- **EXERCISE DESCRIPTION**:
Images are not wanted; transcribe the rest of the listing exactly.

- **THE DATA**:
........
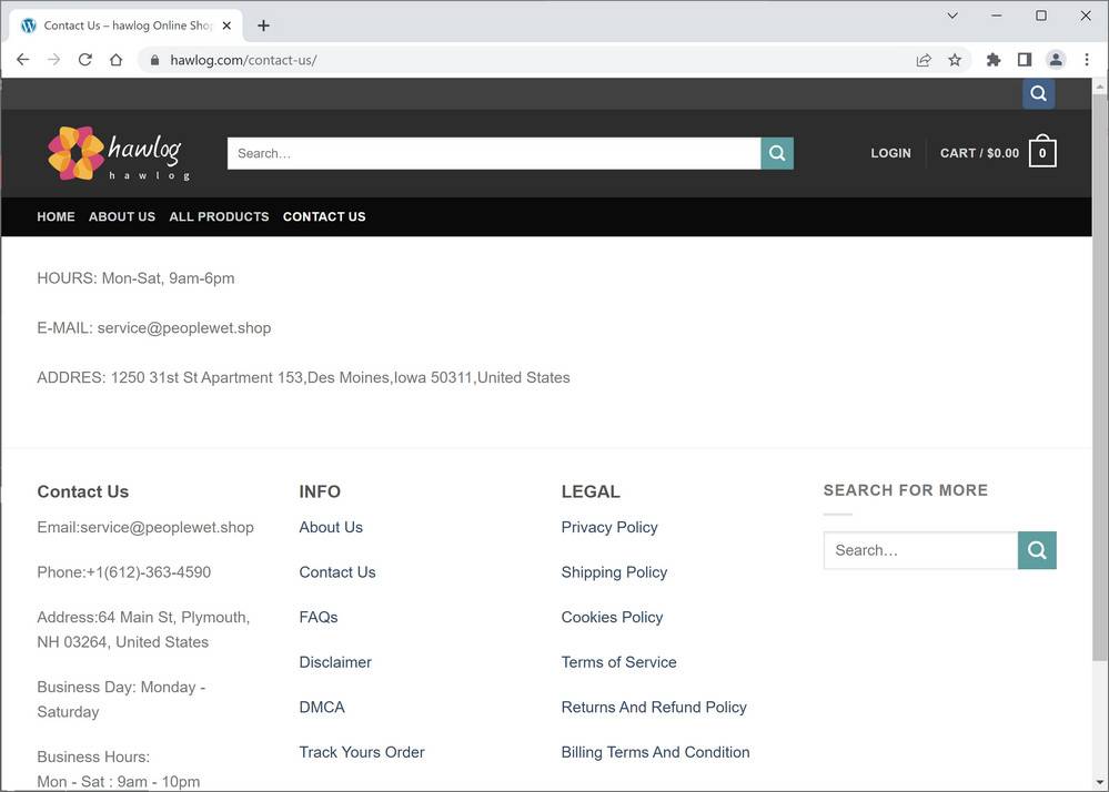 – The website has a fake contact address and email. The address listed on the website is 1250 31st St Apartment 153,Des Moines,Iowa 50311,United States. However, this address is associated with various scam online stores and does not belong to hawlog.com. The email address service@peoplewet.shop is also suspicious and does not match the domain name of the website.
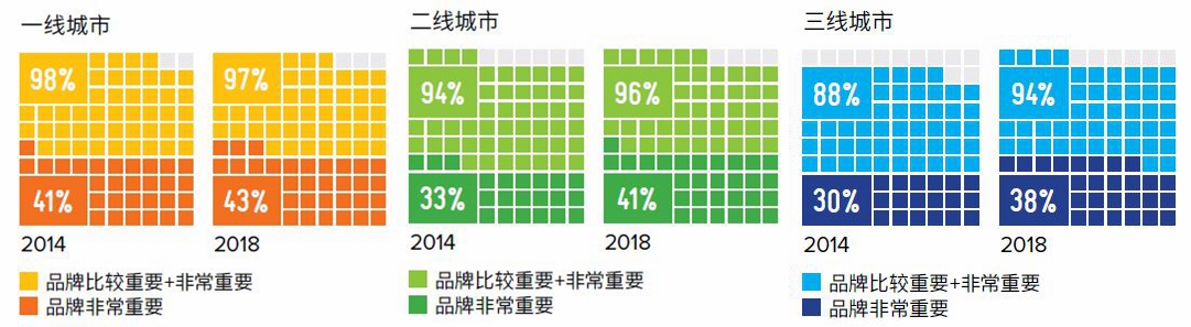 * 为了追求更多的机会,中国生产商正在转移到成本较低的地区,这些地区虽然不在北京、上海和广州等“特大城市”,但合计有超过10亿人口。在主要城市之外,品牌价值也开始变得日趋重要,目前三线城市中94%的人认为品牌至关重要,2014年时该项调查的数字仅为88%。
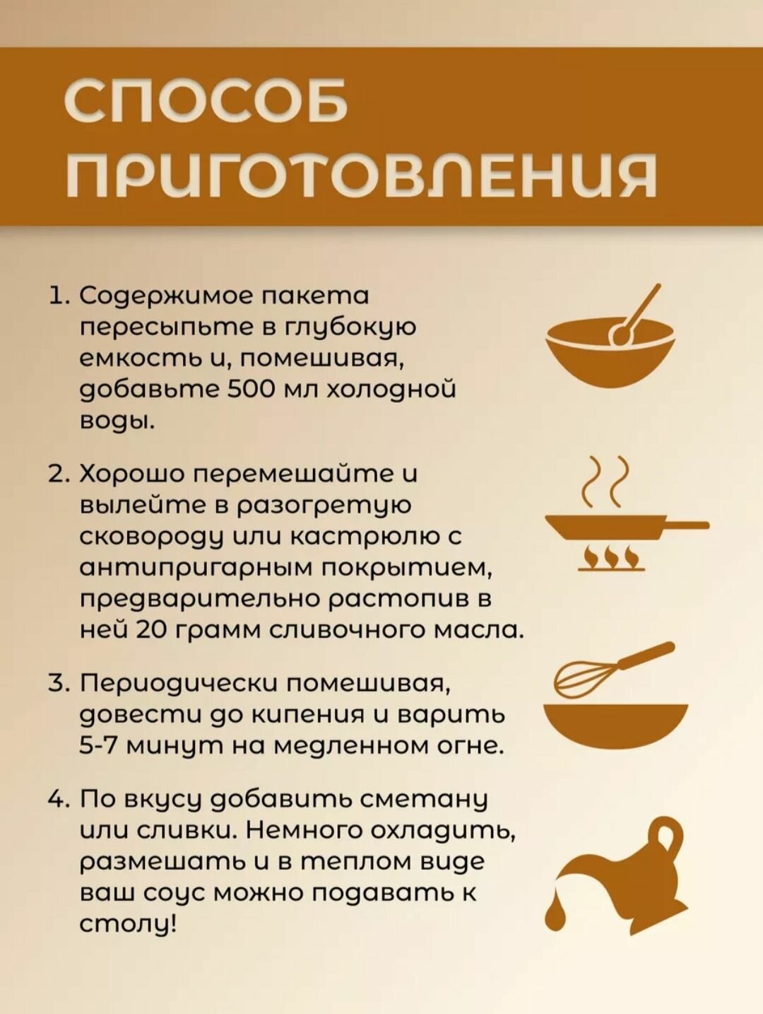 | Дополнительная информация | содержимое пакета пересыпьте в глубокую емкость и, помешивая, добавьте 500 мл холодной воды. Хорошо перемешайте и вылейте в разогретую сковороду или кастрюлю с антипригарным покрытием, предварительно растопив в ней 20 грамм сливочного масла. Периодически помешивая, довести до кипения и варить 5-7 минут на медленном огне. По вкусу добавить сметану или сливки. Немного охладить, размешать и в теплом виде ваш соус можно подавать к столу |
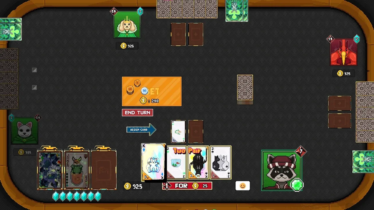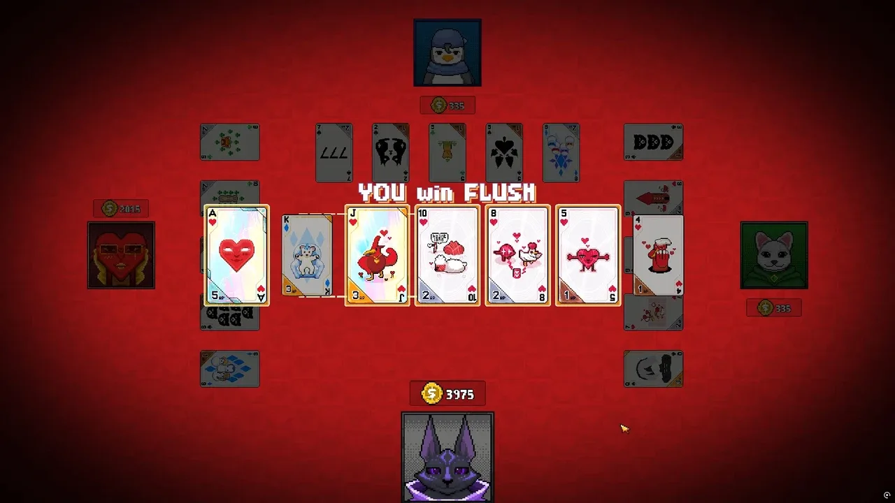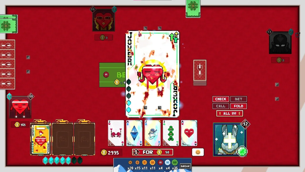 Draw a pair of aces, use them as poker hands or to eliminate your opponents? A poker roguelike battle card game. Build a deck of jokers, defeat bosses, modify cards, and conquer challenges across the ever-changing islands. At the table of four, win by chips or remaining health, your call...
........
- **SOLUTION TO THIS PROBLEM**:
 – The website has a fake contact address and email. The address listed on the website is 1250 31st St Apartment 153,Des Moines,Iowa 50311,United States. However, this address is associated with various scam online stores and does not belong to hawlog.com. The email address service@peoplewet.shop is also suspicious and does not match the domain name of the website.
 * 为了追求更多的机会,中国生产商正在转移到成本较低的地区,这些地区虽然不在北京、上海和广州等“特大城市”,但合计有超过10亿人口。在主要城市之外,品牌价值也开始变得日趋重要,目前三线城市中94%的人认为品牌至关重要,2014年时该项调查的数字仅为88%。
 | Дополнительная информация | содержимое пакета пересыпьте в глубокую емкость и, помешивая, добавьте 500 мл холодной воды. Хорошо перемешайте и вылейте в разогретую сковороду или кастрюлю с антипригарным покрытием, предварительно растопив в ней 20 грамм сливочного масла. Периодически помешивая, довести до кипения и варить 5-7 минут на медленном огне. По вкусу добавить сметану или сливки. Немного охладить, размешать и в теплом виде ваш соус можно подавать к столу |
 Draw a pair of aces, use them as poker hands or to eliminate your opponents? A poker roguelike battle card game. Build a deck of jokers, defeat bosses, modify cards, and conquer challenges across the ever-changing islands. At the table of four, win by chips or remaining health, your call...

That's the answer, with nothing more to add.